Gordeev Evgeniy G, Ananikov Valentine P
Zelinsky Institute of Organic Chemistry, Russian Academy of Sciences, Leninsky Prospekt 47, Moscow, Russia.
PLoS One. 2015 Apr 8;10(4):e0119984. doi: 10.1371/journal.pone.0119984. eCollection 2015.
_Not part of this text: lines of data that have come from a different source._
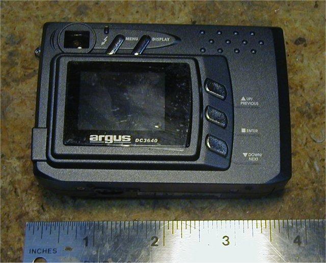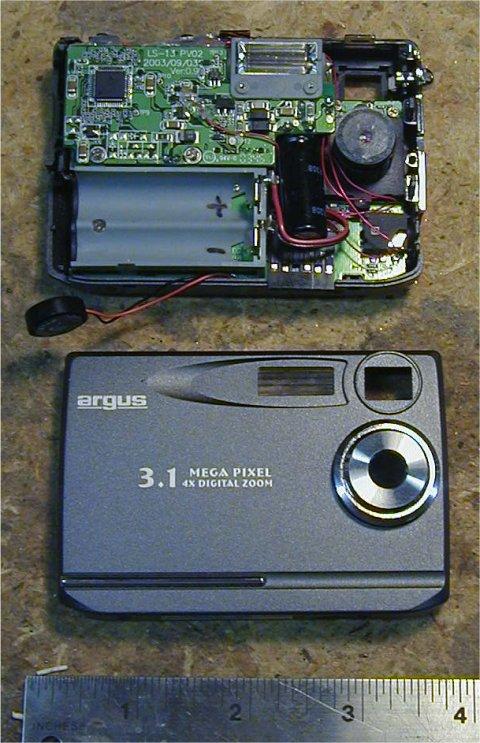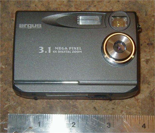 The Argus 3.1 MegaPixel digital camera has lousy optics; it's 3.1 million pixels does not produce a great picture and you can probably get close results with an Aiptek 1.3 Pencam. Why bother with it? It has an NTSC baseband video out, so it can be used to take still digital pics while at the same time the video output can be sent to an RF transmitter and the real-time video can be viewed on the ground. It takes standard SD memory cards, so the same card I use in my Aiptek SD can be used in this camera, and it records video at 30 fps with pretty good quality. I found my Argus 3.1 at CompUSA in the manager's specials for $50. If you can find a similar deal, buy it and see what you can accomplish.
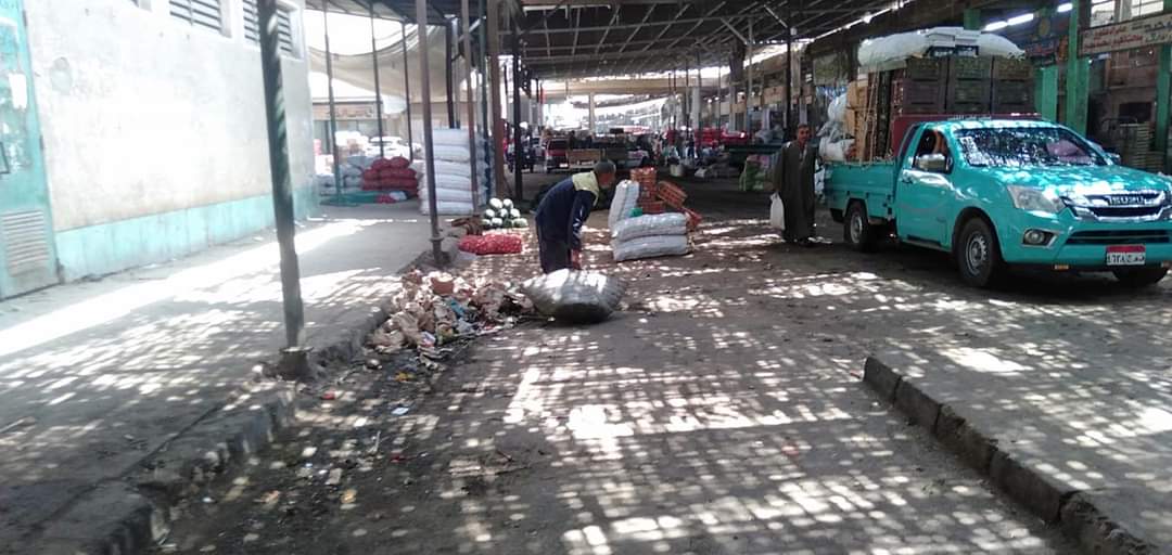 رفع المخلفات من محلات وشوادر سوق الجملة بأكتوبر | صور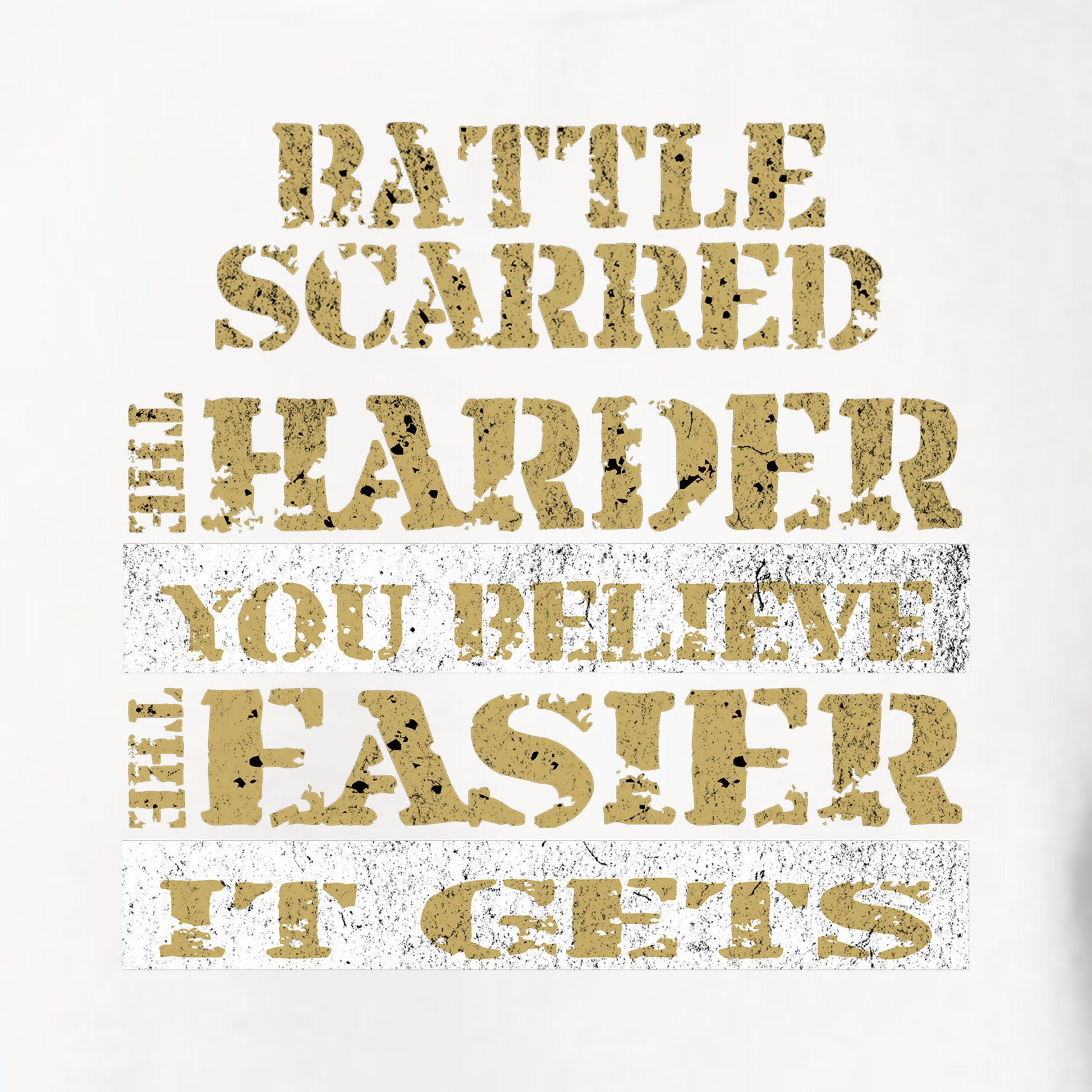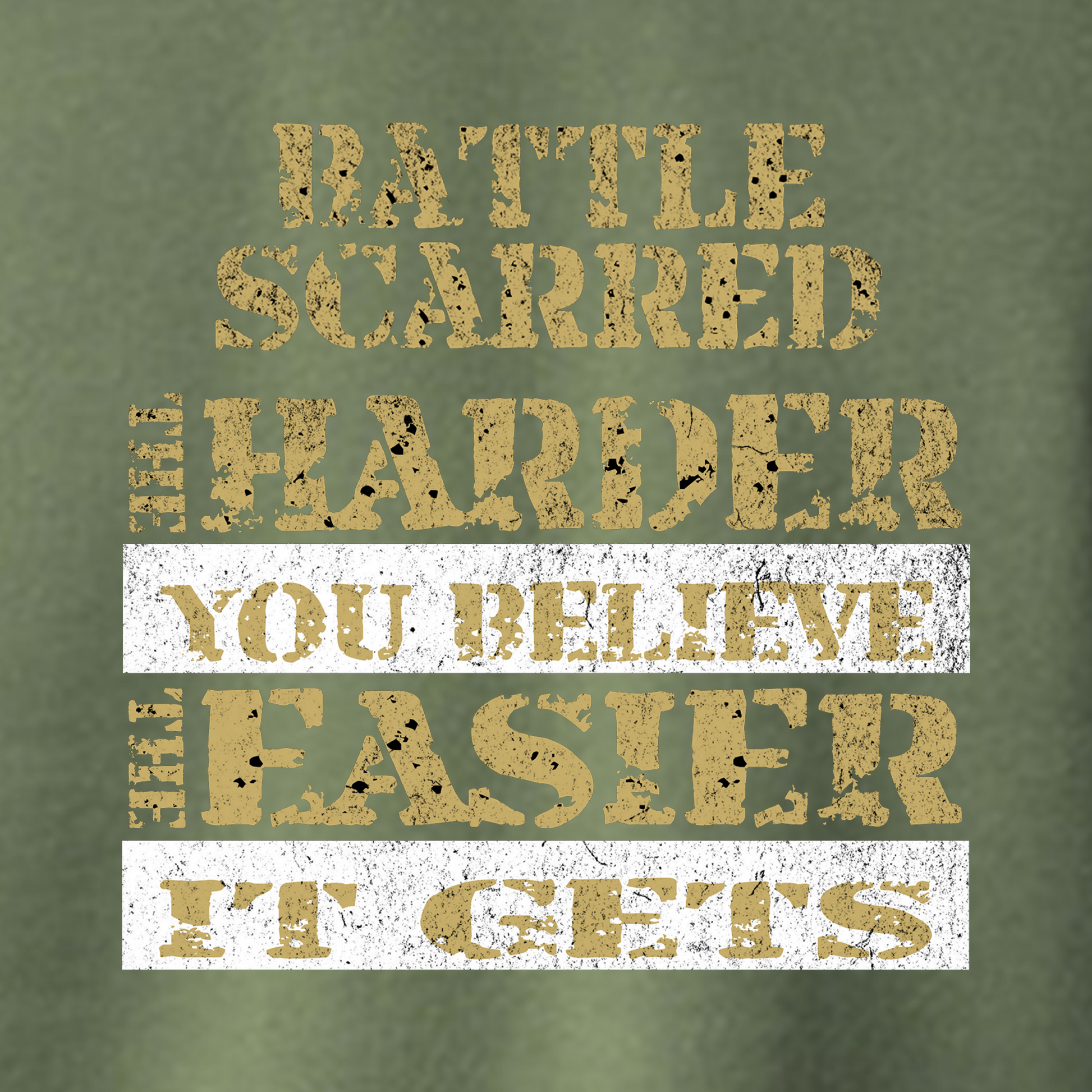 This design is for the ones clawing their way through the hardest parts of healing. With a rough military-inspired layout, the quote reminds us:
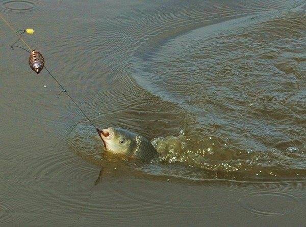 - Подождите 10 секунд, чтобы корм немного размок и сделайте хлесткую подсечку, корм должен моментально вымыться в точке ловли, а кормушку можно вытаскивать. Стартовое закармливание делают не менее 10-15 забросов, после чего прикрепляют поводок с крючком и начинают активную ловлю.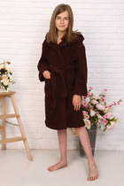Халат детский махровый "Элит" с капюшоном, цвет: 915-Горький шоколад, р. 128/134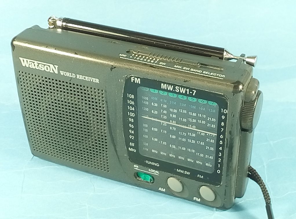 das ist mein altes Transistorradio Watson TR4029. Es kann UKW, Mittelwelle und viele Rundfunk-Kurzwellenbänder. Das Radio passt auf die flache Hand und kommt mit 2 AA-Batterien aus:

A possible mechanistic pathway related to an enzyme-catalyzed [4+2] cycloaddition reaction was studied by theoretical calculations at density functional (B3LYP, O3LYP, M062X) and semiempirical levels (PM6-DH2, PM6) performed on a model system. The calculations were carried out for the key [4+2] cycloaddition step considering enzyme-catalyzed biosynthesis of Spinosyn A in a model reaction, where a reliable example of a biological Diels-Alder reaction was reported experimentally. In the present study it was demonstrated that the [4+2] cycloaddition reaction may benefit from moving along the energetically balanced reaction coordinate, which enabled the catalytic rate enhancement of the [4+2] cycloaddition pathway involving a single transition state. Modeling of such a system with coordination of three amino acids indicated a reliable decrease of activation energy by ~18.0 kcal/mol as compared to a non-catalytic transformation.
通过在密度泛函(B3LYP、O3LYP、M062X)和半经验水平(PM6-DH2、PM6)上对一个模型系统进行理论计算,研究了与酶催化的[4+2]环加成反应相关的一种可能的机理途径。在一个模型反应中考虑多杀菌素A的酶催化生物合成,对关键的[4+2]环加成步骤进行了计算,实验报道了该反应是生物狄尔斯-阿尔德反应的一个可靠实例。在本研究中表明,[4+2]环加成反应可能受益于沿着能量平衡的反应坐标进行,这使得涉及单一过渡态的[4+2]环加成途径的催化速率得以提高。对这样一个由三个氨基酸配位的系统进行建模表明,与非催化转化相比,活化能可靠地降低了约18.0千卡/摩尔。